ABC AND CBS SCHOOL US ON WHEN NOT TO PROTECT A WHISTLEBLOWER – IT’S PRETTY SIMPLE

by James A. Wilson

Whistleblowers are by definition people with inside information about government or corporate misconduct, obtained because they are insiders. By function they are people who go public with that information; going public puts jobs, careers, and sometimes freedom at risk.

Real whistleblowers perform invaluable public service; without them we would not know of tobacco and liquor companies’ efforts to target young people for smoking and drinking. We would be blissfully ignorant of the (known) health hazards of asbestos, carcinogens and other chemicals in use that can sicken and kill those exposed. On the government front, we would not know of the incredible incompetence and monumental deception of the Kennedy and Johnson Administrations in the conduct of the Vietnam War; credit Whistleblower Daniel Ellsberg. Without Whistleblower Edward Snowden we would remain in the dark about the extent our own government spies on us.

Whistleblowers are protected by federal law from retaliation when they expose corruption or other illegal activity…except when those they expose have the power to persecute despite the protections. Edward Snowden remains a fugitive under indictment for violating the Espionage Act; even Donald Trump wants him brought to justice instead of being honored as a champion of justice. Thankfully one of the great benefits of the First Amendment is the journeyman work media can do advocating for whistleblowers…except when the whistle is being blown on them. Consider the ABC and CBS television networks.

Amy Robach is an on-air personality for ABC News; Ashley Bianco is a former ABC producer and now a former producer for CBS. Robach obtained, vetted, and produced the Jeffrey Epstein story some three years before it broke. Her network refused to run the story in the face of her repeated pleas; there were too many powerful people involved – and lucrative sources of revenue for the network. Robach complained on a hot mic and the network archived the recording. Today anyone can watch and listen to her rant on YouTube because a whistleblower released the tape. The whistleblower had been identified as Ashley Bianco – Bianco denies it – who left ABC and went to work for CBS. Where the rubber meets the road is ABC called CBS to rat out its former employee and CBS fired her after five days on the job in retaliation for alleged whistle blowing.

That’s the rubber; here is the rub: All of the networks have been trumpeting about the sanctity of whistleblowers everywhere, and especially the one who stands at the heart of current presidential impeachment proceedings. Yet two have colluded to suppress vital public information and repress a whistleblower about a serial pedophile and his associates reaching all the way into the royal House of Windsor and back to the Clinton dynasty – if allegations prove out. Never mind the way to prove or disprove allegations is to bring evidence into the light of day – both the exposing and the exonerating kind.

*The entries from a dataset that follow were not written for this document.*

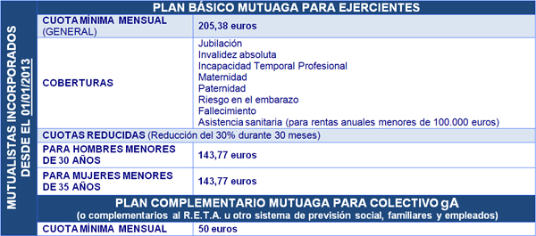 Los Gestores Administrativos que quieran ejercer la profesión podrán optar por el sistema de previsión social Plan Básico MUTUAGA (alternativo al sistema público pero más económico que el R.E.T.A.), desde una cuota mensual de 205,38 euros. En el caso de hombres jóvenes menores de 30 años y mujeres menores de 35 años la cuota mutual será de tan solo 143,77 euros al mes.
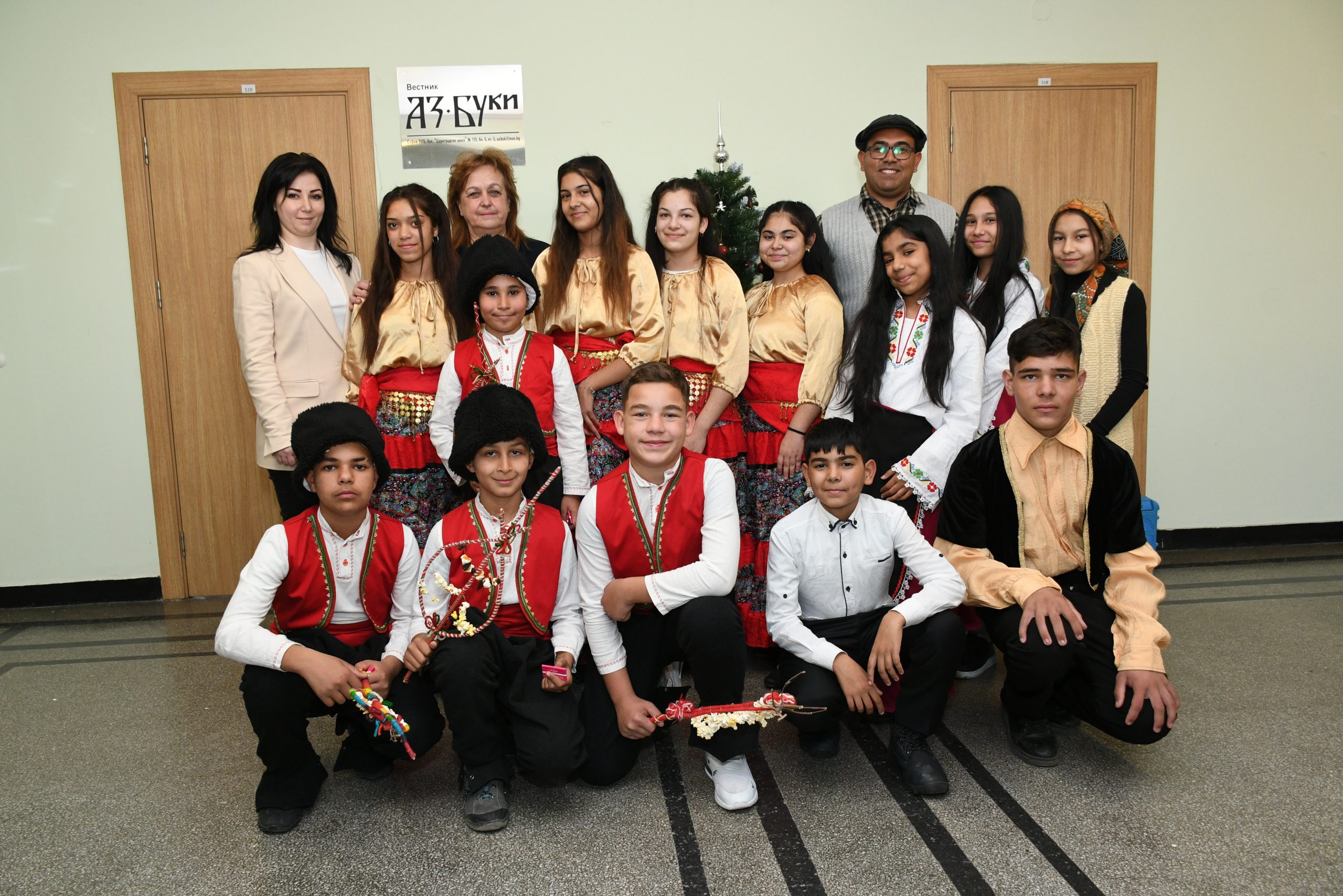 Дни преди Банго Васил – 14 януари, празникът, на който ромската общност почита Новата година, ученици от III до VII клас от ОУ „Гео Милев“ в село Белозем, о. бласт Пловдив, дойдоха на гости на Национално издателство „Аз-буки“ заедно със своята директорка Диана Генова.
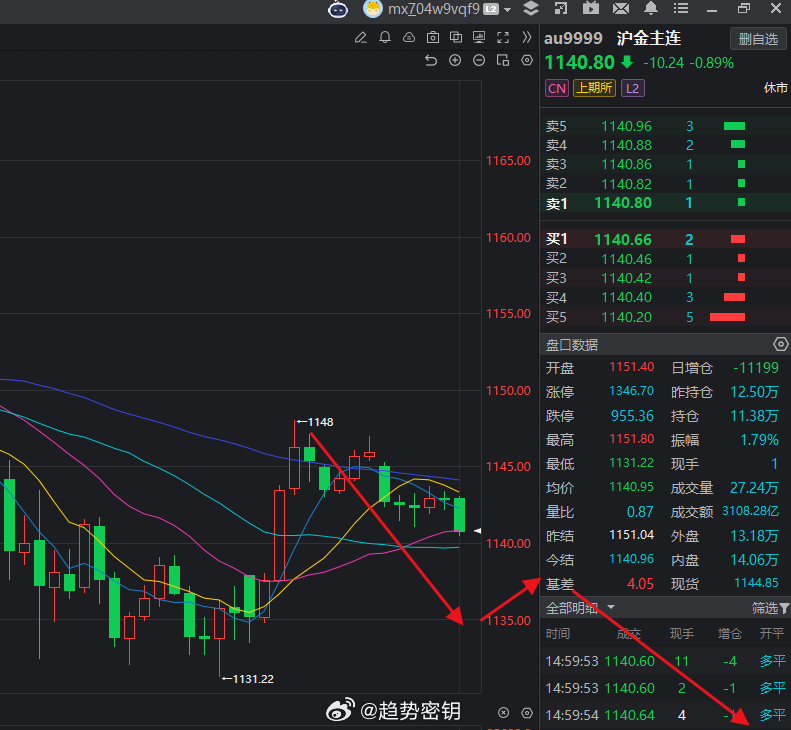 今天黄金是走了我A,B方案,A 走一半(1138附近空); 然后走B到1140上

For media giants to bring their considerable resources to bear on hiding rather than revealing what it knows is counter-productive and just what whistleblower shield laws are designed to combat. How dare they call themselves guardians of truth at the same time they are dedicated to suppressing it? How dare they school the rest of us in the care and feeding – and protection – of a presidential whistleblower?

For media giants to bring their considerable resources to bear on hiding rather than revealing what it knows is counter-productive and just what whistleblower shield laws are designed to combat. How dare they call themselves guardians of truth at the same time they are dedicated to suppressing it? How dare they school the rest of us in the care and feeding – and protection – of a presidential whistleblower?

There is a catch; protection is not automatic or in all cases. The law speaks of reasonable belief; it refers to honesty and responsibility in the same breath. In addition the federal False Claims Act remains on the books, adopted by Congress during the Civil War and sometimes known as Lincoln’s Law. It provides serious penalties for anyone who knowingly falsifies a whistleblower claim.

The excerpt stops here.